- Official poster
- Directed by: Heather Connell
- Written by: Heather Connell, Lane Shadgett
- Produced by: Heather Connell
- Starring: Ron Perlman
- Cinematography: Arthur Yee
- Edited by: Jason Rosenblatt
- Music by: Sherene Strausberg
- Production company: Displaced Yankee Productions
- Release date: August 7, 2013 (Rhode Island International Film Festival);
- Country: United States
- Language: English

= Forget Us Not =

Forget Us Not is a 2013 feature-length documentary film by Heather Connell, which follows the stories of some of the 5 million non-Jewish Holocaust survivors including artist Ceija Stojka and is narrated by actor Ron Perlman. The documentary was released on the festival circuit in August 2013 and has won eight awards to date including Feature Documentary and Editing Awards Of Merit from Accolade Film Competition, Helping Hand International Humanitarian Award from the Rhode Island International Film Festival, Best of Festival at Vancouver's Columbia Gorge International Film Festival, Mark Of Distinction Film at the New York Independent Film Festival and Best Narration and World Peace Impact Award from the Artisan World Peace Hamptons Film Festival and Feature Documentary Audience Award at the First Glance International Film Festival Los Angeles.

==Synopsis==
Forget Us Not is a look at the persecution and death of the 5 million non Jewish victims of the World War II Holocaust, and the lives of those who survived including:

Robert Wagemann, born with a physical disability, finds himself targeted twice. Nearly euthanized for being 'imperfect', he is snuck out of the hospital by his mother and spends the war hiding with his parents who have arrest warrants out against them for being Jehovah's Witnesses.

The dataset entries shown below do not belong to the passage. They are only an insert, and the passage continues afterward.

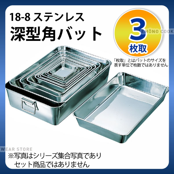 ステンレスバット 3枚取 _ 18-8 深型角バット 3枚取_業務用 _AA0425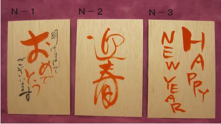 ・メッセージ内容は15文字以内でお願いいたします。 ・木札左下にお名前をお入れいたします。 木札は葉書大で、厚さ2ミリの《創作木札》白木の板になります。 「カート」に入れた後にいずれかメッセージをお選びいただき、 「左下に記載するお名前の欄」にご記入をお願いします。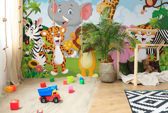 Jungle Animals Wallpaper Self Adhesive Wallpaper Cartoon Etsy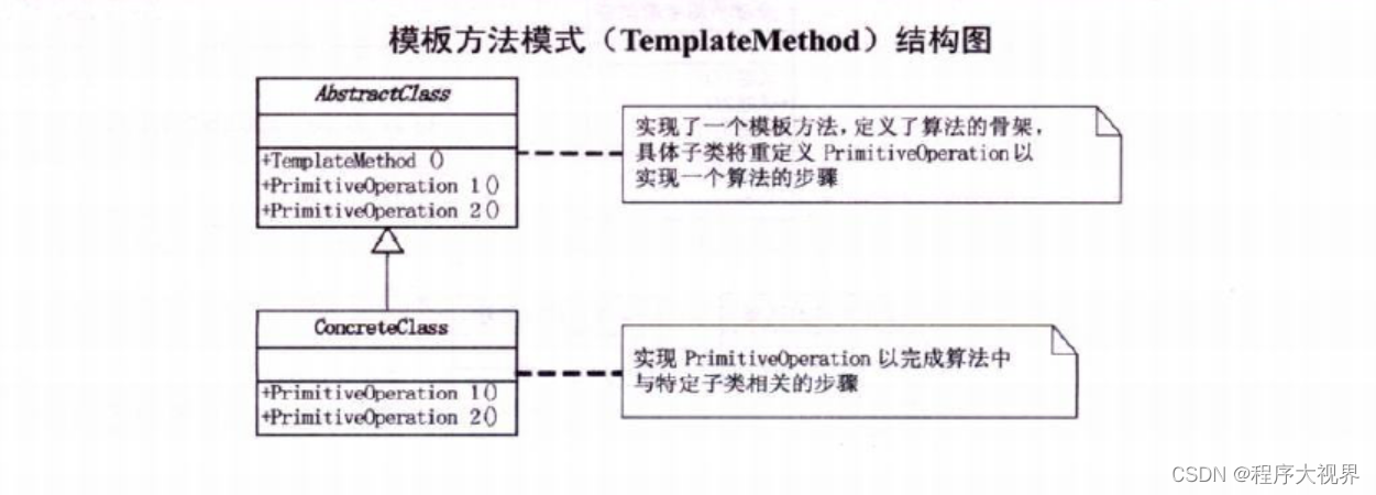 概念:定义一个操作中的算法的骨架,将一些步骤延迟到子类中,模板方法使得子类可以不改变一个算法的结构即可重定义该算法的某些步骤。

Ceija Stojka, a Roma girl, sees her father arrested and dragged off to Dachau, where he later dies. Shortly after, she is rounded up with the rest of her family and shipped to Auschwitz.

Vera Young, a Polish Catholic teen is separated from the rest of her family and sent to a concentration camp, where she survives each brutal day by sewing uniforms for her Nazi captors before being sent on a 900-mile death march.

Natalia Orloff, a Ukrainian child, is marched with her family to the Polish border before being put on a train and sent to a work camp where sickness and starvation dominates her life and memories.

Through personal stories of survivors and original historical footage, these lesser known voices are brought to life.